An interesting article on law and justice, particularly as it applies to the Catholic Church

Moses_Given_Tablets_Gebhard_Fugel_1900

Moses receiving the Ten Commandments

The Catholic understanding of law that dominated the Western world for approximately a millennium and a half differs radically from the concept of law that emerged around the time of the Enlightenment. In fact the Catholic understanding, albeit a less precise articulation of it, traces its origins to the pre-Christian ancient world.[1]

God created not only the visible, tangible universe but also created law. The eternal law which is the rational plan of God for the universe is the first created law. As one medieval commentator expressed it, “God is himself law and therefore law is dear to Him.”[2] God did not create an unruly cosmos but one permeated with this eternal law which directs all of creation to its appointed end.

The summit of visible creation is Man. He is graced with a nature that reflects the Divine Nature itself. Man is thus called to participate in the eternal law and thus participate in God’s governance of creation. Not only does God entrust Man with the task of naming visible creatures, he is called to participate in the formation and promulgation of the laws by which Man himself will be ruled and guided to his due end.
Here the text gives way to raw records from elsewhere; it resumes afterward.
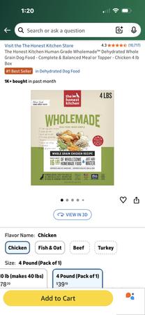 Hey guys! As we get closer to pick up day, several people have asked about which food they need to buy for their babies and so I just wanted to post pictures of the food that they are on. The dry dog food is left out during the day just because they’re so small. I worry about their blood sugar and they need the ability to eat if your blood sugar gets low. The honest kitchen dehydrated food I mix into an oatmeal consistency and they get that twice a day and that is for nutritional value, plus they absolutely love it
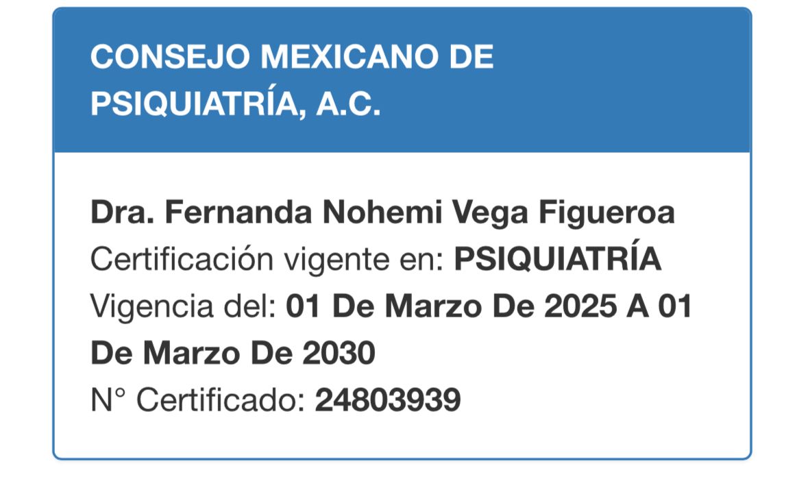 Soy medica cirujana y partera avalada por la UNAM, psiquiatra egresada de la Universidad de Monterrey (UDEM) y certificada por el Consejo Mexicano de Psiquiatría.
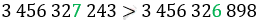 Сравните числа: 3 456 327 243 и 3 456 326 898.
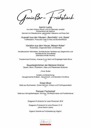 Das Etageren-Frühstück ist für eine Person für 19 € ohne Ikarimi-Lachs erhältlich. Eine veganes Frühstück ist auf Vorbestellung möglich. Damit keine Langeweile aufkommt, wird die genaue Auswahl auf der Etagere in regelmäßigen Abständen angepasst.
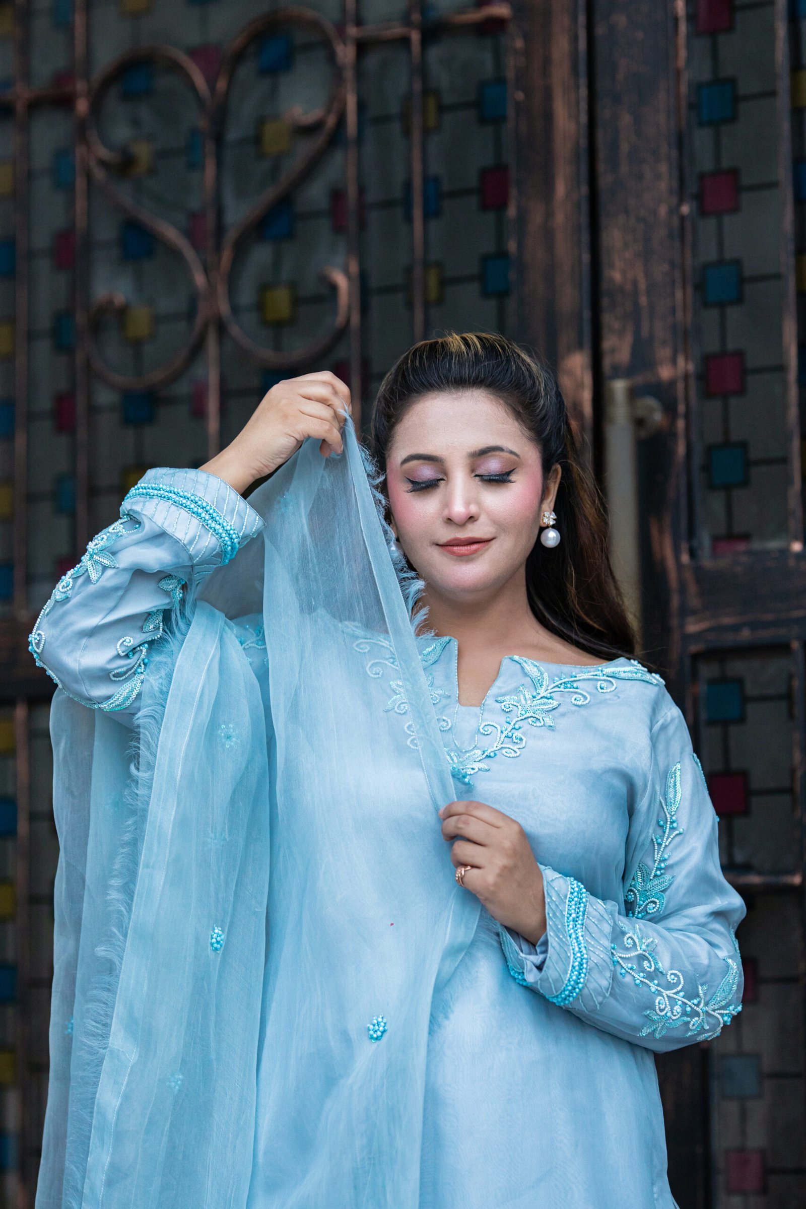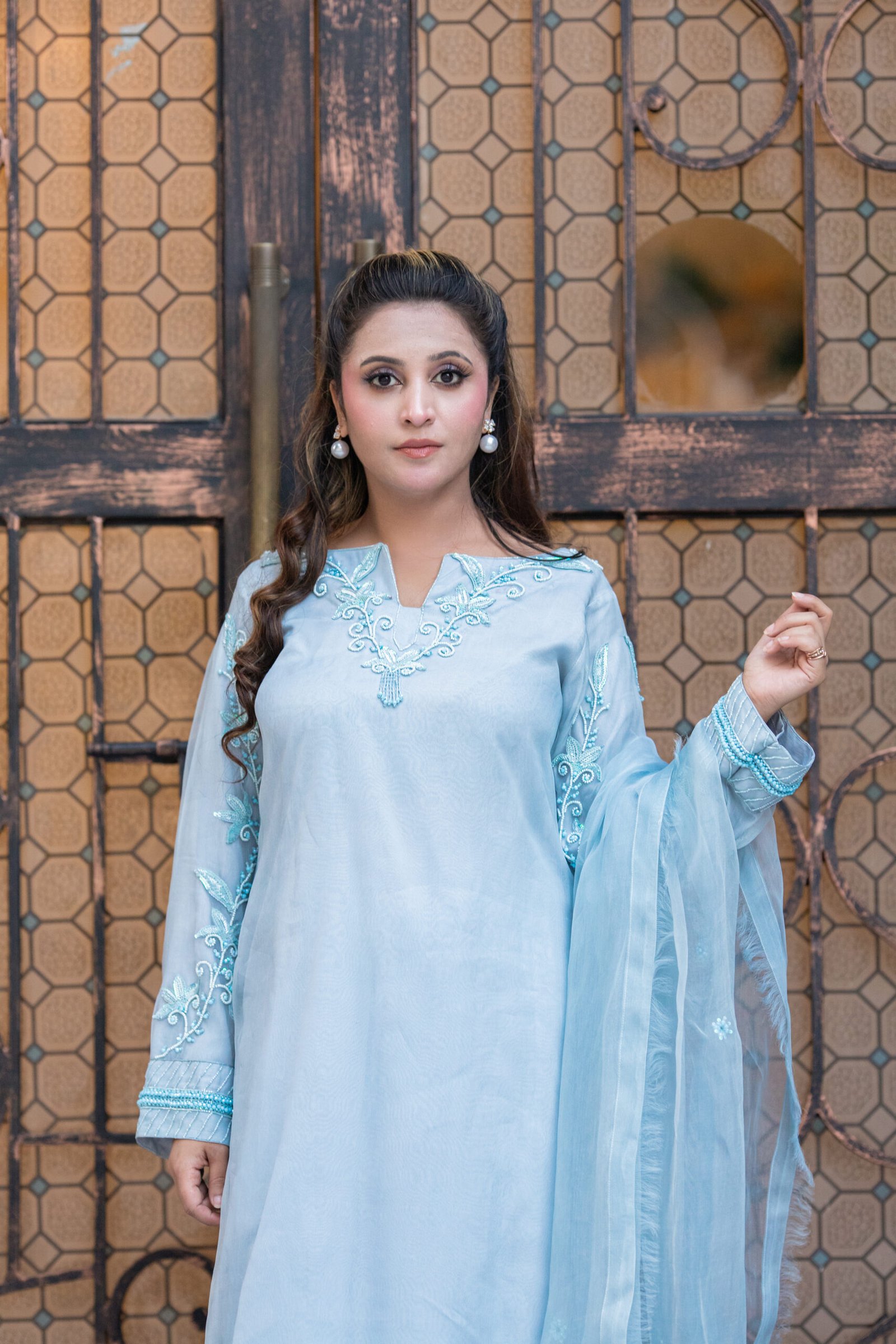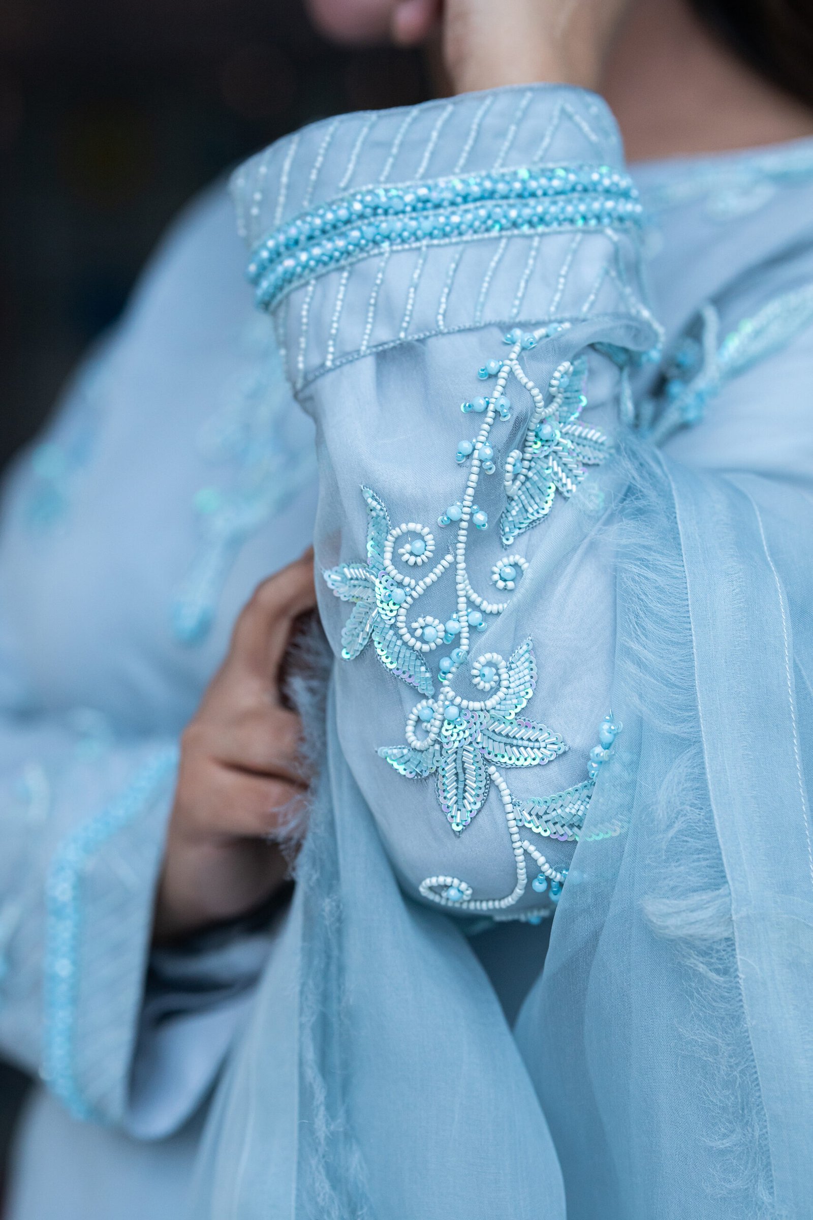 A three-piece ensemble in ice-blue, delicate hand embellishment. This piece embodies festive grandeur.

Just as a name brings greater specificity to an entity, so too Man’s participation in law will involve the task of particularizing the precepts of the eternal law.
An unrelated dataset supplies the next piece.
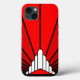 An iconic pattern of the sun rising from behind a stylised art deco shaped building. A simple yet elegant design, true to the era.
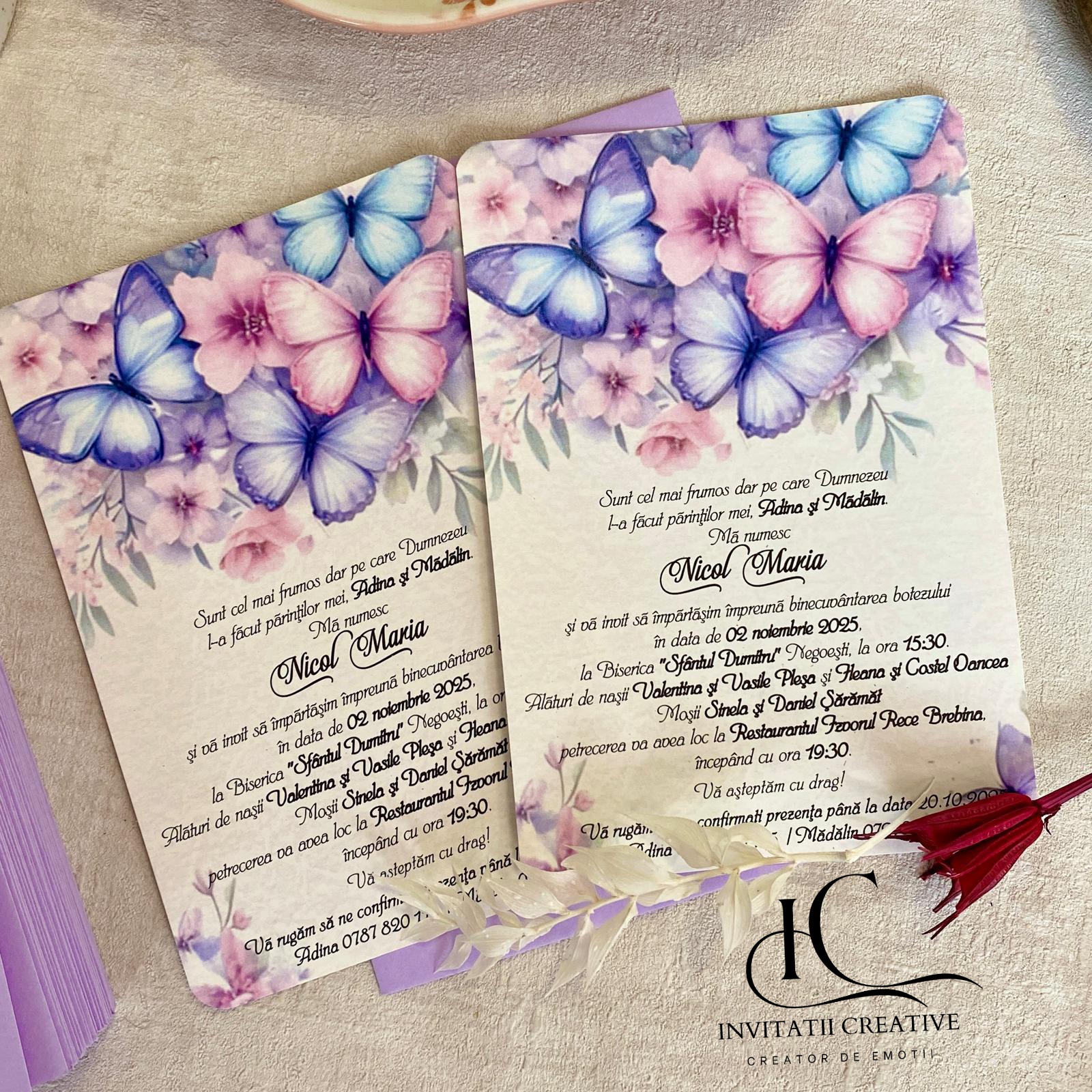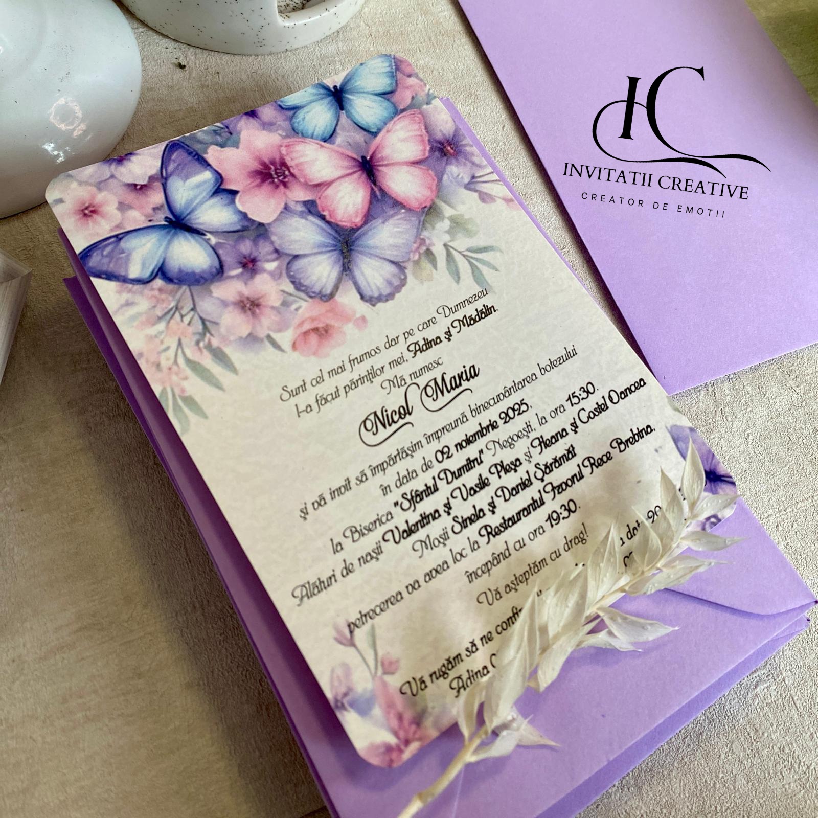 Invitatie de Botez cu Fluturi si Flori Roz-Lila

Through his intellect, the point of contact with the eternal law, Man has the ability to come to know the most general legal principles, the precepts of Natural Law. These precepts command and forbid actions which conform to and obstruct, respectively, the attainment of Man’s natural and supernatural ends. Yet, these precepts are framed in general and universal terms. As a result of the Fall, Man’s participation in this process is afflicted by the wounds of sin and thus God promulgated an additional law, the divine law, to aid Man in his acquisition of knowledge of the primary precepts of law.
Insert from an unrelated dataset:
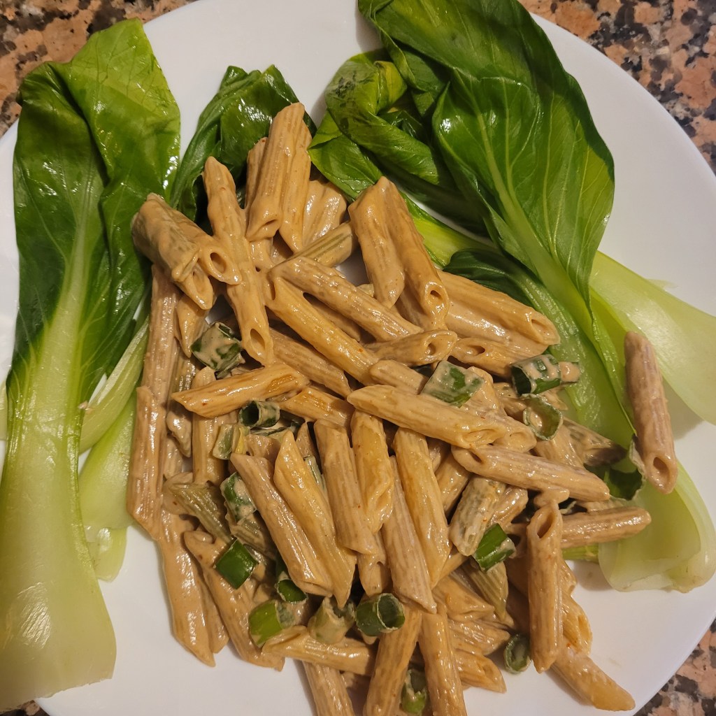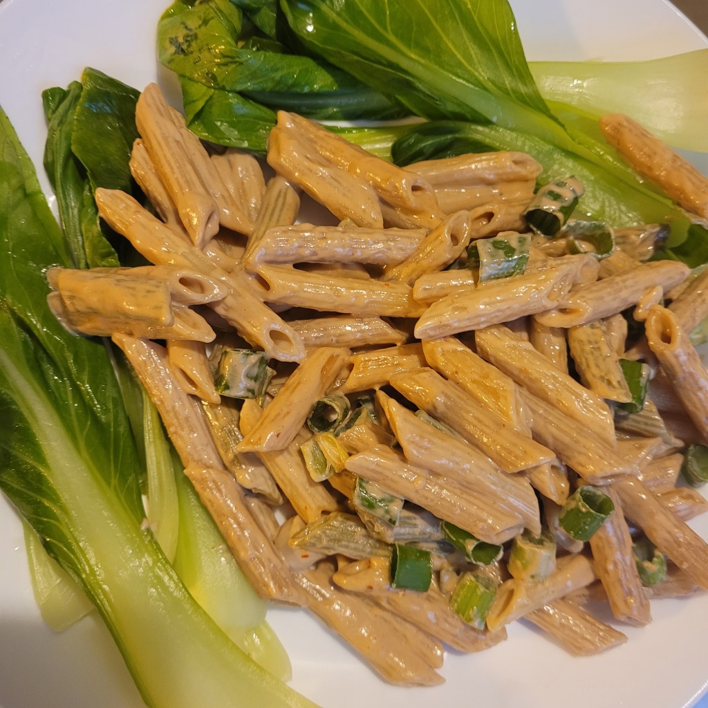 Serve your tahini pasta and arrange the bok choy around it like so. I think it looks so good like this! Personally, for the protein I did cook chicken sausage and it all tasted sooo good together. Highly recommend. Enjoy and leave a comment down below!

The Decalogue is the prime example of the divine law which did not alter the moral status of the operations specified in its ten precepts but which merely provided revealed knowledge of these precepts. Thus revelation and reason together provide Man with a means of knowing the fundamental precepts of the law which rules the universe.

Yet, the precepts of natural and divine law remain general in their formulation. They require further specification to be useful in guiding particular human action. It is to this task that Man has received a Divine call to participate. Ecclesiastical and secular authorities are commissioned by God to determine more particular principles and precepts of the divine and natural law to guide with greater specificity human action.